- **Task item**:
Read the lines of the data below and retrieve those with "Sweater".

Stored items

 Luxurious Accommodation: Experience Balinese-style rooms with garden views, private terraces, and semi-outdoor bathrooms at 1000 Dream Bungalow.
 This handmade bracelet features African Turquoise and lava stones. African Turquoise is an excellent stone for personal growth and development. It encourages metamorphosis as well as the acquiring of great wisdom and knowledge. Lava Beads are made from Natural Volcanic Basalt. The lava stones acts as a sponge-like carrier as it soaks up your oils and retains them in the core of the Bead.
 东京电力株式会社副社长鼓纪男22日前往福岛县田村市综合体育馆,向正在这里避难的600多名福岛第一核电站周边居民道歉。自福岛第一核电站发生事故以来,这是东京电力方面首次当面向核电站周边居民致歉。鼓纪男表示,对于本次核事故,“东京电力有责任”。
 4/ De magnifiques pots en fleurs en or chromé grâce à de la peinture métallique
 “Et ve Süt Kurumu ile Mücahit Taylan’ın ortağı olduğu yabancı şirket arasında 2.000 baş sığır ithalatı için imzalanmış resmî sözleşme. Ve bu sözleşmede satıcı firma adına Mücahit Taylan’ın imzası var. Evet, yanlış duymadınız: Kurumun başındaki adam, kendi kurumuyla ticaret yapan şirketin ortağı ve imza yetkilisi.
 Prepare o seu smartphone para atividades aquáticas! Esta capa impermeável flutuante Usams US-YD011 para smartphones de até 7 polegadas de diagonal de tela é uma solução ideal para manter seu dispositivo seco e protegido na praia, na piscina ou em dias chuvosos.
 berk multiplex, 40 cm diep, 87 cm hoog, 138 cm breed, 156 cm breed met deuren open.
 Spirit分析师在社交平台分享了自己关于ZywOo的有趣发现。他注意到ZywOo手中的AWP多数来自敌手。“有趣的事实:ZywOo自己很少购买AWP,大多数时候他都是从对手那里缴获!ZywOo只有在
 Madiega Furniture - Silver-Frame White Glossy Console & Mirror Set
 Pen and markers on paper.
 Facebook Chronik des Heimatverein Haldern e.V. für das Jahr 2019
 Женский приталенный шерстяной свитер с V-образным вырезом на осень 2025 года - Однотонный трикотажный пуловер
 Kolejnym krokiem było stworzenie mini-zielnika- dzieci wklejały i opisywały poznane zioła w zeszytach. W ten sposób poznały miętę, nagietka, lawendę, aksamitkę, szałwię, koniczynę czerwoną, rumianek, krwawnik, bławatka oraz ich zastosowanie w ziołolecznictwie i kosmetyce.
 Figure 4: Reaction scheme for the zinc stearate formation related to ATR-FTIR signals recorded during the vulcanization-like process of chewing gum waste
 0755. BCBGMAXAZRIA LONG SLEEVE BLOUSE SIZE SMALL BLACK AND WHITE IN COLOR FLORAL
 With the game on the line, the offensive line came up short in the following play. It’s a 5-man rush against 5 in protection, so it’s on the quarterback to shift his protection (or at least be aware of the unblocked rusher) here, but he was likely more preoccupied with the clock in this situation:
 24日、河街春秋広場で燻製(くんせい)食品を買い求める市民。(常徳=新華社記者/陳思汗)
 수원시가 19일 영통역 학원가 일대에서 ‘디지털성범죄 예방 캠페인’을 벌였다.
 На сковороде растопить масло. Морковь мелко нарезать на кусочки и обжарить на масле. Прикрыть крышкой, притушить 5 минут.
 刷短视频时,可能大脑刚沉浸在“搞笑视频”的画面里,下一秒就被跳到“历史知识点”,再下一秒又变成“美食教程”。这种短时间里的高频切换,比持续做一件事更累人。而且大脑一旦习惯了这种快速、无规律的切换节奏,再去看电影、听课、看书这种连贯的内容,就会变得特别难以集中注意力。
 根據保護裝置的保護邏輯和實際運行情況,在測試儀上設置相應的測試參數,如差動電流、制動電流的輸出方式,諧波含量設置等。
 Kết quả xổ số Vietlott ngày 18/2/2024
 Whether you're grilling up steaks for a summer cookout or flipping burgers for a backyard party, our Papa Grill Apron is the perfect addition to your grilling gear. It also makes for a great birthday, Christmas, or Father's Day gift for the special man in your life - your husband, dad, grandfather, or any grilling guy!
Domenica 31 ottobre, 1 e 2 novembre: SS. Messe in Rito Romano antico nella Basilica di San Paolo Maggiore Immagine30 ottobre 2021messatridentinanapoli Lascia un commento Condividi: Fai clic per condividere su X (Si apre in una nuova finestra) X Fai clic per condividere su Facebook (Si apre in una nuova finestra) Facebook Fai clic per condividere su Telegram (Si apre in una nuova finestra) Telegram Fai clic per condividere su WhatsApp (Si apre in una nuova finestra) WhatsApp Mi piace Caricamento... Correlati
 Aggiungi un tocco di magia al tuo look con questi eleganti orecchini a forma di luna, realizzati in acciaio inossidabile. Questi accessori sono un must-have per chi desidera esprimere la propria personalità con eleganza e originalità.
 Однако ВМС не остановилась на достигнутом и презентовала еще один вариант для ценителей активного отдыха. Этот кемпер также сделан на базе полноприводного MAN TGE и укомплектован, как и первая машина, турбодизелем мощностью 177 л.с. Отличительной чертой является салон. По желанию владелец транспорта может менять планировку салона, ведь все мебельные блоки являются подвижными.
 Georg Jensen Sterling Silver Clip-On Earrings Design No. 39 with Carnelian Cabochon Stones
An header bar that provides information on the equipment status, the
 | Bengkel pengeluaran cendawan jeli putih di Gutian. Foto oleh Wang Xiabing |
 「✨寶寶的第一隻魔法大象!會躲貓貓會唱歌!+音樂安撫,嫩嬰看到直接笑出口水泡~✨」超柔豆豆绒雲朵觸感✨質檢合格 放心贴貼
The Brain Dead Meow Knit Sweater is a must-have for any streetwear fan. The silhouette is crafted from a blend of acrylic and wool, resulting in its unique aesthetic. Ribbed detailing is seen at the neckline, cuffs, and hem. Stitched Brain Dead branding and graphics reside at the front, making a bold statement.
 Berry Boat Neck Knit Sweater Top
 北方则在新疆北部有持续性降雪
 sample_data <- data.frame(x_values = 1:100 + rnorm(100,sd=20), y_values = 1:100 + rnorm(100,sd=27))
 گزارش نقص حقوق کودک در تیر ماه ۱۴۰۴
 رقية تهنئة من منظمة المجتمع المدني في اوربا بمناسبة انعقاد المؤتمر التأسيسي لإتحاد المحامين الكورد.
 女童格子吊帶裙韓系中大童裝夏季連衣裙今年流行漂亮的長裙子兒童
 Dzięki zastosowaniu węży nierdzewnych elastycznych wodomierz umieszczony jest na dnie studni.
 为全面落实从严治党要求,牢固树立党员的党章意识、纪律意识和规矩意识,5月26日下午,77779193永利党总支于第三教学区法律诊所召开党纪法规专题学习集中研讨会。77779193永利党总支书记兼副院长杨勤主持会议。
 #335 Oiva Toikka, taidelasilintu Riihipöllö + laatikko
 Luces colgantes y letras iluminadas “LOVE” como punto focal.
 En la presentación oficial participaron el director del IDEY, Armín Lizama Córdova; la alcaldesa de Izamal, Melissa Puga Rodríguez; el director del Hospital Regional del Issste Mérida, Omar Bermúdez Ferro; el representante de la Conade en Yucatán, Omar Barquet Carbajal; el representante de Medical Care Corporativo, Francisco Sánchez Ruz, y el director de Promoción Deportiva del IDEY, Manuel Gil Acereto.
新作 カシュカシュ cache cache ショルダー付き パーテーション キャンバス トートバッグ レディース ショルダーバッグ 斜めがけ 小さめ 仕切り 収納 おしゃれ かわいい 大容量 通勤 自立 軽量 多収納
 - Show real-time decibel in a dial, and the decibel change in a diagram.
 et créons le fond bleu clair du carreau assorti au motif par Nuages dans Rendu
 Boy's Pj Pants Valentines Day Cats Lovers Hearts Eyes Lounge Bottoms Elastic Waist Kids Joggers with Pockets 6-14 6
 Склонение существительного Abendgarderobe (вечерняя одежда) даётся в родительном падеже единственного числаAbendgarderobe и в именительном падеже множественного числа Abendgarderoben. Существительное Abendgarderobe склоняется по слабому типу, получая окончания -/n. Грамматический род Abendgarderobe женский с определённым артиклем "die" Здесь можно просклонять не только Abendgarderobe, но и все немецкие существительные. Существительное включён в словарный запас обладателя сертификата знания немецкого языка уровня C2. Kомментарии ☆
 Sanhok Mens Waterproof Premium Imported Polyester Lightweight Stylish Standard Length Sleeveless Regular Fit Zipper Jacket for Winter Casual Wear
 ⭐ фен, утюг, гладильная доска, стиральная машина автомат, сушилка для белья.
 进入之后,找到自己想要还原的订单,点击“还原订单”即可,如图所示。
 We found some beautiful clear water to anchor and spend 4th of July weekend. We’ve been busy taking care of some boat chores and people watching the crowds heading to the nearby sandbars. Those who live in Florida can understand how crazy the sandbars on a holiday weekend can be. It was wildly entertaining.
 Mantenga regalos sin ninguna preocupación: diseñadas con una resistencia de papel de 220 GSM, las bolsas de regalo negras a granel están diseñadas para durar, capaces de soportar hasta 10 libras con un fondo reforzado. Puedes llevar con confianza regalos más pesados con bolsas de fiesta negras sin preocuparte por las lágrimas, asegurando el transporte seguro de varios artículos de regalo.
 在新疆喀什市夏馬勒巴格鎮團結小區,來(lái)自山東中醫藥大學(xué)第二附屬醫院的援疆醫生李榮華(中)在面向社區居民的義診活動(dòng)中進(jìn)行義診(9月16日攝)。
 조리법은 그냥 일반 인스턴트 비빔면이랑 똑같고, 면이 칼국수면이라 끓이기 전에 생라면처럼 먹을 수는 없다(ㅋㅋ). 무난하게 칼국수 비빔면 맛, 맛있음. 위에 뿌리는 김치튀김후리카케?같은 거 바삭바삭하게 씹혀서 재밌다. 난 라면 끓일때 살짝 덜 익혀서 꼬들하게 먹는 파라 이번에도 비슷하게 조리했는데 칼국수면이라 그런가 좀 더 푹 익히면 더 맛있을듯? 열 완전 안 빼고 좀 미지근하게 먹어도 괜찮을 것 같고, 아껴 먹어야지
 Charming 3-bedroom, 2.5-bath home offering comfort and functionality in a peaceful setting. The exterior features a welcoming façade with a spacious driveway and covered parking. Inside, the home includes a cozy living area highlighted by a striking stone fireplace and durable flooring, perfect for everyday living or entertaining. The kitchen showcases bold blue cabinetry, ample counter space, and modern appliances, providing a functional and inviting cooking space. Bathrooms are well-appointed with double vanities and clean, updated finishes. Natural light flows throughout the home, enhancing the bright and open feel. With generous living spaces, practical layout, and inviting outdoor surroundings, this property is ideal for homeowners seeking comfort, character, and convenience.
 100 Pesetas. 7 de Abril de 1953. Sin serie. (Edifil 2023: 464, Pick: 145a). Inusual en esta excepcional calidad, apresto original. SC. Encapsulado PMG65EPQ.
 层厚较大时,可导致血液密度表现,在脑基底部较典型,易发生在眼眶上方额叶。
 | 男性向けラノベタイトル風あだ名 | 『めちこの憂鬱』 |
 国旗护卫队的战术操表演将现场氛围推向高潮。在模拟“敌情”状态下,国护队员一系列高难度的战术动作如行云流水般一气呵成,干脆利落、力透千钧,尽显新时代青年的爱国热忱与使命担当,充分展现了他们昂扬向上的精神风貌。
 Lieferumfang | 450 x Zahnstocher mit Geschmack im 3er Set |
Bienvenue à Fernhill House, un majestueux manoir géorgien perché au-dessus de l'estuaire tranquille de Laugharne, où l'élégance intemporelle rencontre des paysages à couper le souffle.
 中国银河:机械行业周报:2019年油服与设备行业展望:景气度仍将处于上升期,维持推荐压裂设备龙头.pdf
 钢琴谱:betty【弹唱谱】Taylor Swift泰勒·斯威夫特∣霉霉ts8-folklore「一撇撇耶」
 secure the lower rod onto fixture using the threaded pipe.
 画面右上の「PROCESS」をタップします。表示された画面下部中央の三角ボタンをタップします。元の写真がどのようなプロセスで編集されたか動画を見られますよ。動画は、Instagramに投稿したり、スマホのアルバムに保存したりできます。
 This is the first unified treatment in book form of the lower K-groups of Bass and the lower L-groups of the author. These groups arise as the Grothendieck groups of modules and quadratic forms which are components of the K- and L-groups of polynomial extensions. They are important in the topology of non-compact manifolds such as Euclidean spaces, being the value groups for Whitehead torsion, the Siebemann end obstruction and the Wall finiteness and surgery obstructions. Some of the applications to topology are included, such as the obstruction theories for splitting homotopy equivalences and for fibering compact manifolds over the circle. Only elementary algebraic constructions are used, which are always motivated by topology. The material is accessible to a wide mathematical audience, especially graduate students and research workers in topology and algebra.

- **Expected answer**:
The Brain Dead Meow Knit Sweater is a must-have for any streetwear fan. The silhouette is crafted from a blend of acrylic and wool, resulting in its unique aesthetic. Ribbed detailing is seen at the neckline, cuffs, and hem. Stitched Brain Dead branding and graphics reside at the front, making a bold statement.
 Berry Boat Neck Knit Sweater Top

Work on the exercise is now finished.